Rostro de mujer | El arte de coleccionar momentos y transformar el...
destino
Por Nirman García Berbeo
@rostrodemujer1
rostrodemujer1@gmail.com
13/06/2026.- Hay personas que no solo recorren caminos, sino que los sienten. Emily Paola Milano Gelvis, a sus 28 años, es un testimonio vivo de cómo la esencia de una niña aplicada y soñadora puede convertirse en la fuerza motriz de una mujer que busca la excelencia sin perder la ternura.
Su historia comienza con recuerdos que huelen a hogar y a espera. Aunque el tiempo borra algunos detalles, hay momentos que quedan tatuados en el alma: el esfuerzo de una madre trabajadora y el gesto cómplice de sus hijos esperando su regreso. Con el ingenio que solo da el amor, Emily recuerda cómo "arreglaban" la casa y preparaban una torta improvisada con un panqué Once Once, guardándola en el congelador para sorprenderla. Ese brillo en los ojos de mamá al llegar era, y sigue siendo, el combustible de su corazón.
A pesar de que sus padres tomaron rumbos distintos cuando ella apenas tenía cuatro años, Emily construyó su propio mundo de disciplina y pasión. Desde la libertad de sus primeros patines —un sueño que hoy desea retomar— hasta las tardes de juegos, su infancia forjó a la mujer que es hoy: una profesional de la gestión turística que no se conforma con lo superficial.
Para ella, el turismo no es vender un boleto o una foto bonita para redes sociales. Es una misión. Ella no quiere que el viajero solo vea; quiere que conozca. Su enfoque es la experiencia profunda, la historia que susurran las paredes de un lugar y el aprendizaje que transforma a quien lo visita. "Que al llegar a casa, la persona sea distinta porque conoció la raíz de lo que vio", afirma con la convicción de quien ama su tierra.
Al hablar de Venezuela, su voz se llena de un orgullo genuino. Su invitación es clara: no escuchen el eco de afuera, atrévanse a vivir la experiencia.
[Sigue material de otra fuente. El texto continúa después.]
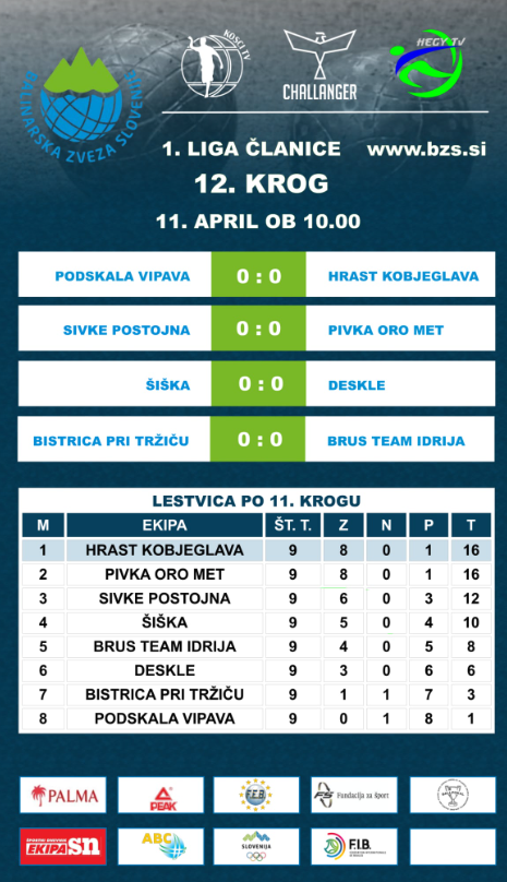 Po krajšem velikonočnem premoru bodo v soboto odigrane tekme 12. kroga 1. lige - članice. Kobjeglavski Hrast bo gostoval pri Podskali, v Postojni bo na sporedu sosedski derbi med Sivkami in Pivko Oro Met, Desklanke čaka gostovanje v Šiški, Bistrica pri Tržiču pa bo gostila idrijski Brus Team. Razpored tekem in rezultate lahko najdete na spletni strani BZS pod zavihkom Tekmovanja/Državne lige 2025/26 in preko aplikacije Challanger ter teletekstu RTV Slovenija.

Para ella, la nación suramericana lo ofrece todo, pero lo más importante es el cambio interno que genera: "Nadie viene al país y se va siendo la misma persona".
En el marco del encuentro con el equipo de Rostro de mujer, se pudo percibir que Emily es mucho más que su título o sus metas. Es una mujer que se permite la pausa, que, aunque a veces posterga el inicio, cuando se sienta a crear, lo hace con una dedicación que roza la excelencia, cuidando de no caer en la trampa de la perfección, porque se sabe humana y en constante evolución.
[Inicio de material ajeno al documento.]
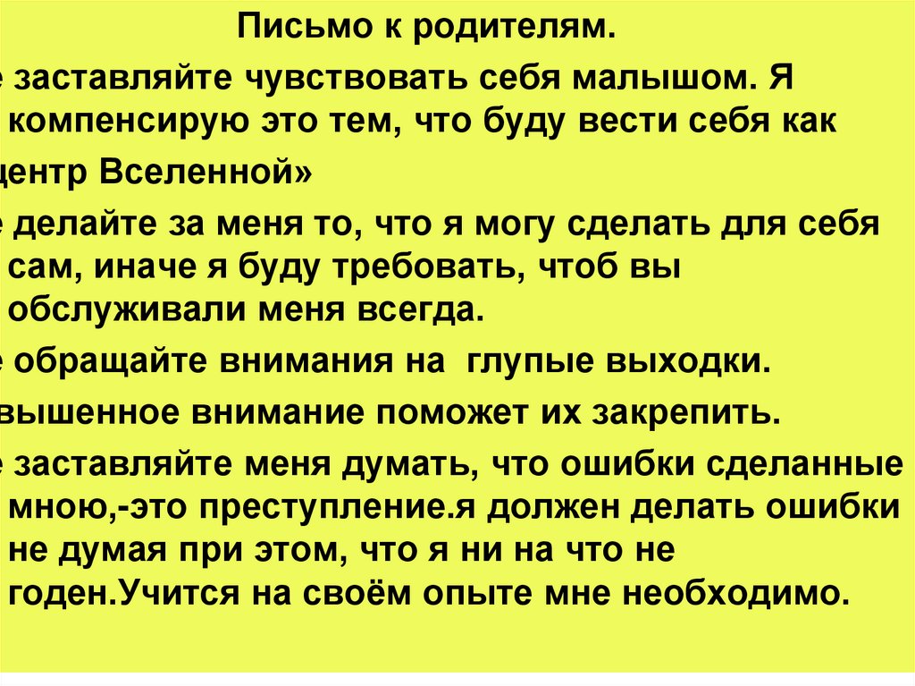 Письмо к родителям.е заставляйте чувствовать себя малышом. Я

En cuanto a la relación con sus progenitores, expresó que es un equilibrio de matices donde ha aprendido a identificar lo que necesita de cada uno en cada etapa. En su padre, Roger, ha encontrado un refugio de confianza absoluta y palabras directas; esa "mano amiga" que escucha sin rodeos y brinda la seguridad de ser comprendida sin juicios.
Por otro lado, su madre, Rebeca, representa el amor en su forma más protectora y perfeccionista; una presencia correctiva que nace del deseo profundo de evitarle cualquier sufrimiento. Entre la apertura transparente con su padre y el cuidado meticuloso de su madre, Emily ha construido su propio camino, entendiendo que ambos, a su manera, han sido los pilares de la mujer resiliente y enfocada que es ahora.
Al preguntarle cómo se define, Emily hace una pausa reflexiva. "Definirse es difícil cuando se es un universo en expansión". Sin embargo, en sus palabras se asoma esa niña que aún quiere patinar, la joven que estudió con rigor y la mujer que desea mostrarle al mundo la cara más profunda y real de su país.
La vida de Emily nos recuerda que no somos solo lo que nos pasó, sino lo que decidimos hacer con esos recuerdos. Somos la torta fría esperando en el congelador, el viento en la cara sobre unos patines y la responsabilidad de dejar un legado de excelencia.
A veces, para encontrarnos, hace falta mirar atrás y abrazar a esa niña que esperaba a mamá, para luego mirar al frente y entender que, al igual que un buen viaje, la vida no se trata de llegar al destino, sino de asegurar que, al final del día, ya no seamos los mismos que cuando empezamos. Emily Paola es, sin duda, un rostro de mujer que nos enseña que la verdadera belleza reside en la profundidad con la que decidimos mirar el mundo.

Un testimonio de resiliencia y arraigo familiar.